Software-centric architectures, unified data strategies and practical AI use cases are turning operator ambition into operational reality
Artificial intelligence (AI) has become the defining technology narrative across the telecommunications industry. For mobile network operators (MNOs), the challenge, and opportunity, is to apply AI in ways that deliver measurable operational gains today while laying the foundation for more autonomous networks in the future.
Samsung Networks sees many of the most promising AI applications in telecoms emerging where data, software and operational pragmatism intersect—leading the way to network autonomy.
Starting with solvable problems
While Samsung is working to actualize fully autonomous networks by 2027, the company’s near-term research has focused on high-impact use cases, including enabling more energy efficient operation of the radio access network (RAN). Power optimization has proven to be fertile ground for AI because it combines clear economic incentives with abundant, structured network data.

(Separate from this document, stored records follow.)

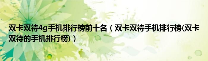 大家好,小常来为大家解答以上问题。双卡双待4g手机排行榜前十名,双卡双待手机排行榜(双卡双待的手机排行榜)很多人还不知道,现在让我们一起来看看吧!
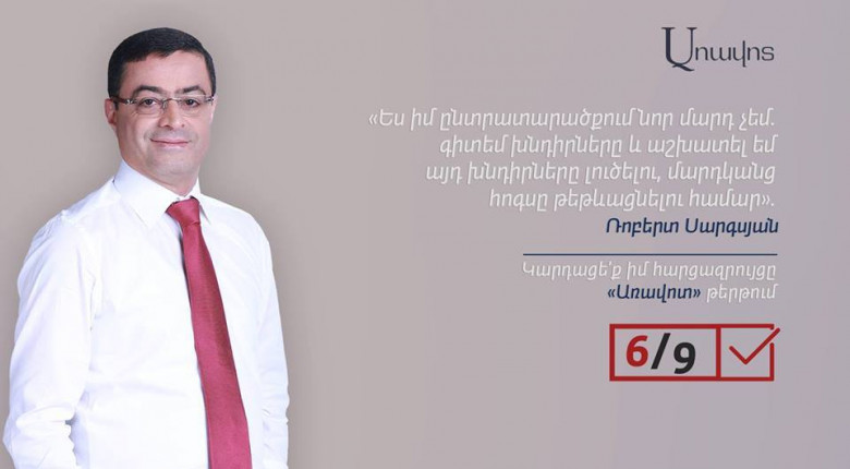 «Ես իմ ընտրատարածքում նոր մարդ չեմ. գիտեմ խնդիրները եւ աշխատել եմ այդ խնդիրները լուծելու եւ մարդկանց հոգսը թեթեւացնելու համար». Ռոբերտ Սարգսյան
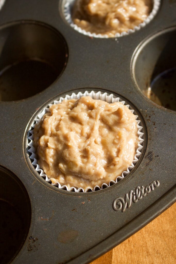 Step 5 - Scoop. Divide the batter evenly between the liners, filling them all the way to the top.

Samsung found that AI-driven optimization could significantly outperform existing manual approaches already used by operators. Samsung engineers were able to validate a maximum power consumption savings of 35% for a key operator, by using individual cell traffic patterns to adjust the time at which elements of the network turned off.
By adapting network behavior to local usage conditions, AI enables more granular and aggressive power-saving strategies without compromising performance. These kinds of targeted wins help operators build confidence in AI systems and create momentum toward broader automation.

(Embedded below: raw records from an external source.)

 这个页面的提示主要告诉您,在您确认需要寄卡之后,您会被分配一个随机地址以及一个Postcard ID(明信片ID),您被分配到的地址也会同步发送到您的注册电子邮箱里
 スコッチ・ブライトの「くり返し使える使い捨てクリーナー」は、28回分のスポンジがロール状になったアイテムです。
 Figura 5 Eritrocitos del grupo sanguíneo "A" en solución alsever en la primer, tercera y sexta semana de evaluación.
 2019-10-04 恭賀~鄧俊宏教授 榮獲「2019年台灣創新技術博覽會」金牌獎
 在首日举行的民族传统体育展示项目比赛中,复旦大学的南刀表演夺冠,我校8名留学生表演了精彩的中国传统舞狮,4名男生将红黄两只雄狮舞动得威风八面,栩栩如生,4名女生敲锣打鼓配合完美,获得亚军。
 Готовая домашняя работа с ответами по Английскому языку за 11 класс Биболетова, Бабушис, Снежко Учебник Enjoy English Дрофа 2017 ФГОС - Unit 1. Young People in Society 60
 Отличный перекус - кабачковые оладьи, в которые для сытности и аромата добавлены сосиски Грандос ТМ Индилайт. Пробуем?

Applying AI to complex radio decisions
Beyond energy savings, Samsung is using AI for complex RAN optimization challenges that traditionally rely on deep human expertise. One example involves balancing capacity and coverage through antenna parameter optimization, which led to around a 9% uplift in throughput without any loss of connectivity.

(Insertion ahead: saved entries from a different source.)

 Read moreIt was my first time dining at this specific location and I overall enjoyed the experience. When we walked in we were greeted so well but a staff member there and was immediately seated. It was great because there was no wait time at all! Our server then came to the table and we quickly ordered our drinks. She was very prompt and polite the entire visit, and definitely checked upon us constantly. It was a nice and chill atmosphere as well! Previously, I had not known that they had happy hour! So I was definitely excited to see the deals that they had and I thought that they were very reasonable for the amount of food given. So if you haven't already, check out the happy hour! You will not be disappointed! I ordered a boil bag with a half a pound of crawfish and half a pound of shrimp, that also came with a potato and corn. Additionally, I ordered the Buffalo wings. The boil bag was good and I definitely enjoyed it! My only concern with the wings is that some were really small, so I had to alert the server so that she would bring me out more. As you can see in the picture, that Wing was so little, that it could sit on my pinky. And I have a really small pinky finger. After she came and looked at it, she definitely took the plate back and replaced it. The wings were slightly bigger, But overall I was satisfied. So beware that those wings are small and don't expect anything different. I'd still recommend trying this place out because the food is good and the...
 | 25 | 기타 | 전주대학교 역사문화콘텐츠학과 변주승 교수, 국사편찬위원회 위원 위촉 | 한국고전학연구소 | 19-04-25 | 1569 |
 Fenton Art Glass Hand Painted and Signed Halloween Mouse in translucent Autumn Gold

These results, initially validated in simulation and now progressing toward real-world deployment, demonstrate how AI can augment even highly-specialized engineering domains. However, as AI becomes more pervasive across the network, new challenges may emerge around coordination, prioritization and conflict resolution between multiple automated systems.
Data and software as foundational enablers
For operators seeking to move beyond pilots, success with AI depends on two foundational pillars: data and software. Volume and quality of data is critical, especially when working toward end-to-end optimization, and the key is to aggregate data from all parts of the networks into one, central place.
Samsung’s approach is to break down traditional data silos across RAN, core and management domains; this data is then unified in a common layer where AI models can be applied holistically. Softwarization is the other side of the coin and unlocks a new level of flexibility. By decoupling software from hardware across the network, operators gain the flexibility to dynamically place workloads where they deliver the best performance and efficiency.
From automation to autonomy
Samsung’s CognitiV Network Operations Suite is designed to support this incremental journey, allowing operators to start with narrowly focused optimizations and expand toward more autonomous behavior over time. The emphasis is on trust and gradual transformation rather than abrupt disruption.
Over time, as AI systems move from offering recommendations to taking direct action, operators can reduce operational complexity, lower operating costs and reallocate human expertise toward higher-value tasks. In Samsung’s view, that progression from assisted automation to trusted autonomy is where AI’s long-term value in telecoms will ultimately be realized.